Forever and ever.

By Watson87, in 'English to Latin Translation', Nov 1, 2010.

  1. Watson87 New Member

    I came across the phrase "Per omnia saecula saeculorum" in one of the books from the Dean Koontz series "Odd Thomas". It is said to mean "forever and ever".

    I was just curious as to what is the correct way to say "Forever and ever" in latin. Upon researching it, I found quite a few different ways such as "In saecula saeculorum".

    Which is the correct, proper translation?
  2. Nikolaos schmikolaos

    • Censor
    Per omnia saecula saeculorum is literally something like "through all the ages of ages". In saecula saeculorum means something like "for the ages of ages".

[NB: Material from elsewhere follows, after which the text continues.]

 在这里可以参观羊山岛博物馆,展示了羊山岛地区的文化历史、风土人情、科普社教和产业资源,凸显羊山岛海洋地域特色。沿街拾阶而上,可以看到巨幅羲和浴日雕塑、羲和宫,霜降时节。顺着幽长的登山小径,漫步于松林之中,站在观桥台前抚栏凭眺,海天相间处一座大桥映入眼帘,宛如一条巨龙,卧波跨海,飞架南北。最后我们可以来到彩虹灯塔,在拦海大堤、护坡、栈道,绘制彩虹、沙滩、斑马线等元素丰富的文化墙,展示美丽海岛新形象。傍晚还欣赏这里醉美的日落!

    If that is attested and common, I'd go with that. I personally have never seen it before, but I am fairly new to Latin. The two look equally correct, though, even though their literal translations don't sound great.
  3. Watson87 New Member

    Ah yes, I forgot to include that in my search it did say that the literal meaning is something along the lines of "ages and ages" which is roughly translated to mean Forever and ever. If it helps, it was in the Dean Koontz book that took place in a monastery. So it may have some sort of religious background?
  4. miroslaw New Member

    I checked with William Robertson's dictionary od latin phrases - it confirms what Nikolaos suggested.

    There are also other similar way of expressing phrase Forever and ever for example :
    Thy throne o God is forever and ever. - Thronus Tuus Deus in saeculum et in aeternum

    A conceptual translation perhaps :
    In aeternum et semper - literally "Forever and always"
  5. scrabulista Consul

    • Consul
    Gloria Patri, et Filio, et Spiritui Sancto. Sicut erat in principio, et nunc, et semper, et in saecula saeculorum. Amen.

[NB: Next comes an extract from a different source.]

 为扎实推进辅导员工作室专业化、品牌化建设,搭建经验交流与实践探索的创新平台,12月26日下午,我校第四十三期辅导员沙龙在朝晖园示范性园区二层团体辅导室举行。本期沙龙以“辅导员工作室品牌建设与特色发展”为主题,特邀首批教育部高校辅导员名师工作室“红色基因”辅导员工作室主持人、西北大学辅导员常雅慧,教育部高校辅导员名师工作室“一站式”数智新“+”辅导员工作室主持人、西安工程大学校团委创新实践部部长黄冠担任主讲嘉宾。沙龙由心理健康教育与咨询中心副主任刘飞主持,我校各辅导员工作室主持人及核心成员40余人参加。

    "Glory [be] to the Father, and to the Son, and to the Holy Ghost. As it was in the beginning, is (and) now and ever shall be -- world without end. (always, and in the ages of ages). Amen."
  6. Nooj Civis Illustris

    • Civis Illustris
    Sydney, Australia
    Yeah it's from the NT. It might be a Hebraism (or Aramaicism) where you say X of Xes to emphasise greatness. So the Holy of Holies is an example.